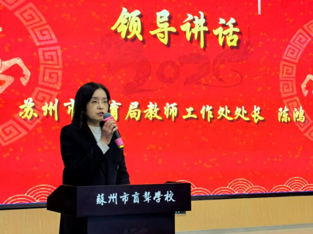 活动最后,苏州市教育局教师工作处处长陈鸿发表总结讲话。陈鸿代表市教育局对本次签约活动表示热烈祝贺。她指出,在“十四五”收官、展望“十五五”的关键节点,三校的合作极具前瞻性。她强调,教育公平是社会公平的基石,普特融合是实现高质量教育体系的重要一环。她希望三方能够以此次签约为契机,做实合作内容,做亮特色品牌,在团队培训、课程建设、员工关爱等方面深入探索,为苏州教育的优质均衡发展贡献力量。
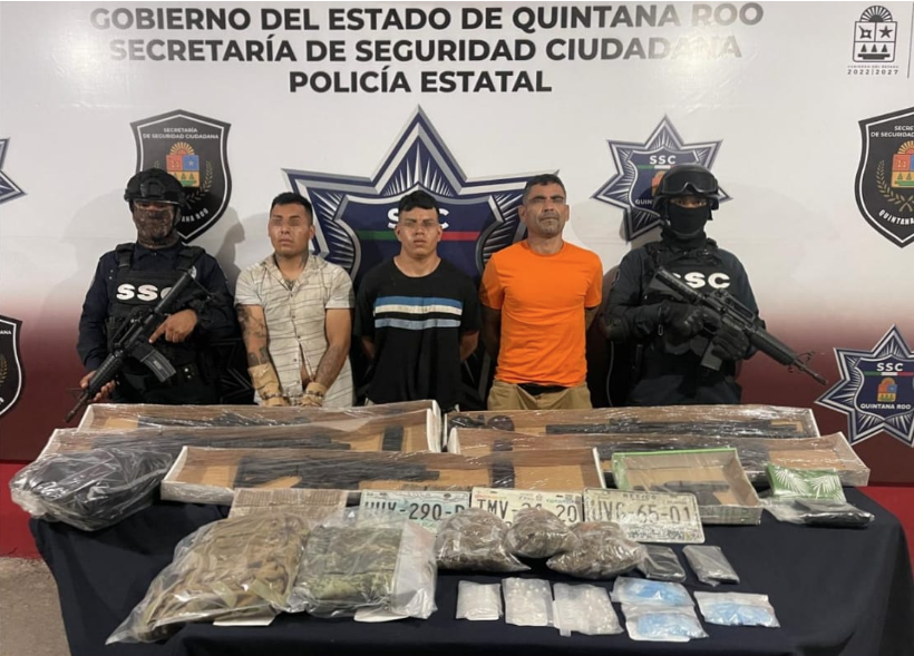CANCÚN.- En una operación policial coordinada, agentes de la Secretaría de Seguridad Ciudadana en Quintana Roo desmantelaron una presunta red de narcomenudeo en Cancún, deteniendo a tres individuos y decomisando un significativo arsenal de armas de fuego y drogas.
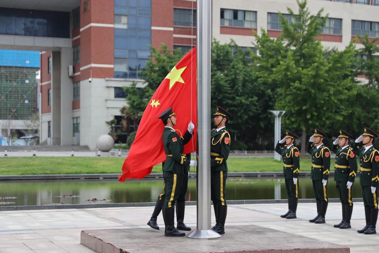 6时30分,伴随着一声响亮的“出旗!”,升旗仪式正式开始。校国旗护卫队手护鲜艳的五星红旗,迈着整齐划一,铿锵有力的步伐走向旗台,气氛庄严肃穆。伴随着激昂的《义勇军进行曲》响起,五星红旗在师生的注视中冉冉升起。

WORK ORDER ▸
In your copy, leave out the pictures and reproduce the material above exactly.

SOLUTION TO THIS TASK ▸
 活动最后,苏州市教育局教师工作处处长陈鸿发表总结讲话。陈鸿代表市教育局对本次签约活动表示热烈祝贺。她指出,在“十四五”收官、展望“十五五”的关键节点,三校的合作极具前瞻性。她强调,教育公平是社会公平的基石,普特融合是实现高质量教育体系的重要一环。她希望三方能够以此次签约为契机,做实合作内容,做亮特色品牌,在团队培训、课程建设、员工关爱等方面深入探索,为苏州教育的优质均衡发展贡献力量。
CANCÚN.- En una operación policial coordinada, agentes de la Secretaría de Seguridad Ciudadana en Quintana Roo desmantelaron una presunta red de narcomenudeo en Cancún, deteniendo a tres individuos y decomisando un significativo arsenal de armas de fuego y drogas.
 6时30分,伴随着一声响亮的“出旗!”,升旗仪式正式开始。校国旗护卫队手护鲜艳的五星红旗,迈着整齐划一,铿锵有力的步伐走向旗台,气氛庄严肃穆。伴随着激昂的《义勇军进行曲》响起,五星红旗在师生的注视中冉冉升起。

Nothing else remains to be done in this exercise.